Cellphones Must Be Even More Indispensable Before Advertising Makes Real Sense

This year is not the year that mobile advertising will hit a tipping point, and truth be told, that point may still be several more years away, according to a white paper written by Acision and OgilvyOne.
In the 13-page paper, the two companies teamed up to make the far-out prediction of what the mobile advertising industry will look like in 11 years from now, or in 2020. In a nutshell, they concluded that mobile advertising will be about collaboration and individual control, in which campaigns aren’t created for consumer categories, but instead for individuals, who will be able to participate in a conversation.
While those predictions sound fair, what was more insightful was the two companies’ comments about current state of the industry — not the future.
In a section titled “Year of Mobile,” mobile advertising still sounds like a distant hope, especially when you expand your ideas of advertising beyond a banner or text ad.
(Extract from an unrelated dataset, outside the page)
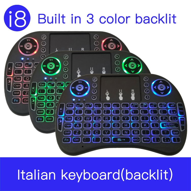 Support Language: Italy i8 Air Mouse Wireless Backlight Keyboard with Touchpad for Android TV Box & Smart TV & PC Tablet & Xbox360 & PS3 & HTPC/IPTV

The report concluded: “It can only be the year of the mobile if and when users do more with their mobile than anything else. And here this means the majority of the population does more with their mobile not just the tech savvy few with the high end devices. It is when the mobile device is truly used for all the touch points in your life.”
Clearly, with only a fraction of people buying smartphones, this is not the case today. And likely, full integration of the phone into people’s lives are still a ways off. “Interestingly the year of the mobile will also signify the death of the mobile phone as the majority of us currently know it. And from a mobile advertising perspective this blurs the boundaries between producing different creative and images for the different channel campaigns.”
When consumers opt in it is the highest response rate of marketing there is, bar none. They do not need a smart phone, sms/mms and bluetooth more than suffice as delivery medium.
People want just in time promotions, easy to use and redeem and nothing more really needs to be added.
Blanket, splash and direct mailing is by far more expensive than targeted opt in mobile interactive marketing- shame on these folks- look at the data.
The report is well presented.
But the conclusions are about mobile *advertising*, which may well be a few years away due to the fragmented stages of development, of highly sporadic capability across geographies, lack of proper inventories and other paraphernalia with which "media agencies" are used to working before mediums manage to get some scale.
Meanwhile, mobile *marketing*, which involves a __lot more__ than just banners and other forms of display or messaging are already around and quite effective.
Any report on the state of mobile that is unable to lucidly draw this distinction is either too lazy or just plain ignorant. Not something you expect from the brit boys club at Ogilvy.
A pretty crappy paper that sounds like it's from maybe 3 years ago. IAB and MMA both offer much richer sources of information. This is just one of those generic downloads that make you feel you read something factful, only to realize you didn't.
Isn't Acision "The World's Leading Messaging Company"?
How did they fail to mention SMS/MMS as a delivery mechanism in this article?